A medical calculator is a type of medical computer software, whose purpose is to allow easy calculation of various scores and indices, presenting the user with a friendly interface that hides the complexity of the formulas. Most offer further helpful information such as result interpretation guides and medical literature references. Generally, such calculators are intended for use by health care professionals, and use by the general public is discouraged.
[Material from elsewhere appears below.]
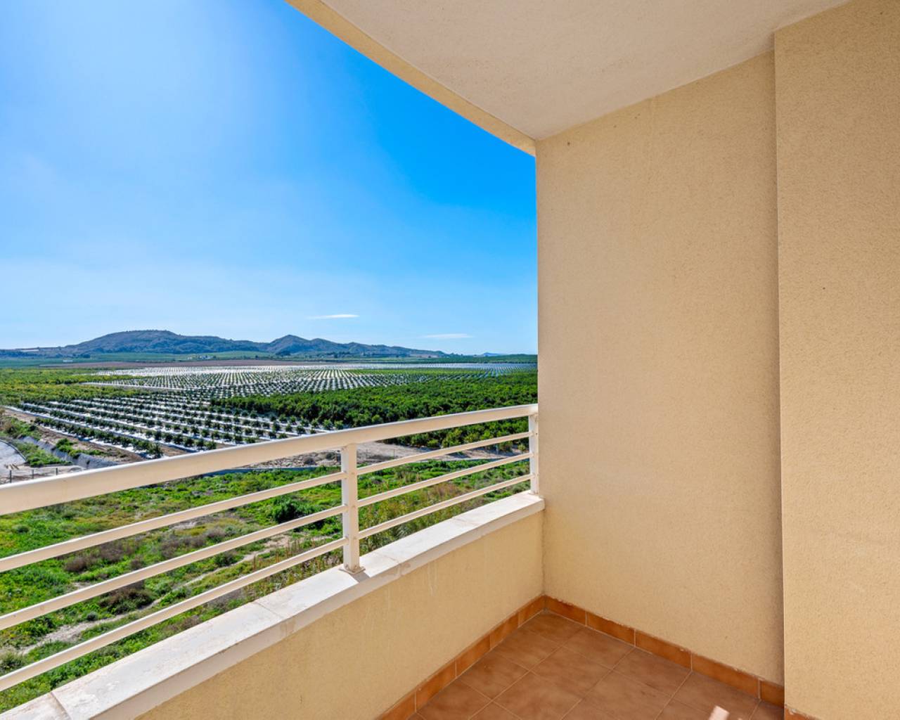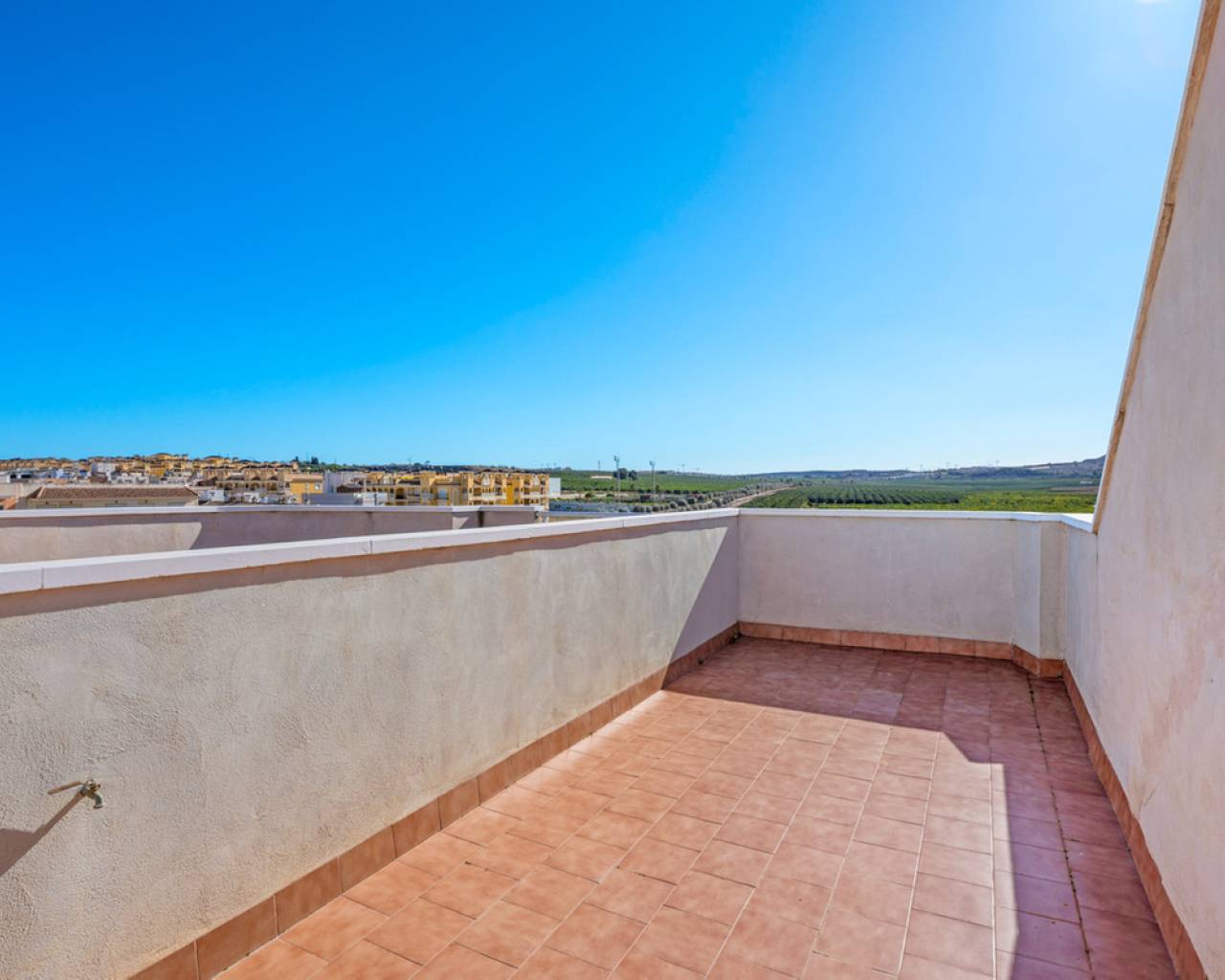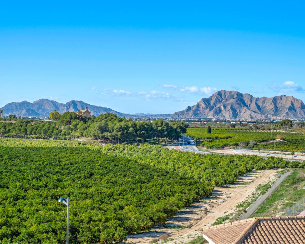 This charming two-bedroom apartment with stunning countryside views is located in the centre of Algorfa, Alicante. The property features a bright living/dining room, a fully equipped semi-open kitchen, two bedrooms with fitted wardrobes, a bathroom with a bathtub, a south-facing terrace with fantastic views of the surrounding countryside and mountains, and there is also a private rooftop terrace/solarium for making the most of the sun and the views.

Medical calculators arose because modern medicine makes frequent use of scores and indices that put physicians' memory and calculation skills to the test. The advent of personal computers, the Internet and Web, and more recently personal digital assistants (PDAs) have formed an environment conducive to their development, spread and use.

Types of calculators

Hardware devices
Purpose-built devices for specific medical calculations are available from various commercial sources. Pharma-Insight Inc. in Canada is one of the only companies in the world that is able to make custom specific medical calculators built to perform a specific medical calculation to make dosing or other calculation easy. Some of the standard units they make include eGFR, CrCl, BMI, BSA, DAS and many other custom units designed for a specific purpose.  There are two ways to make a calculator using an array that looks up an answer based on a large array of data or where the calculator computes the answer using a mathematical equation.

PDA
Software-based medical calculators are available for various PDA-platforms, including the iPhone, Palm and Pocket PC. Handheld battery powered portable units are available and can be manufactured in smaller quantities than before thanks to OTP (one Time Programmable) chips.

Online Calculators
Various websites are available that provide calculations from a browser based input form.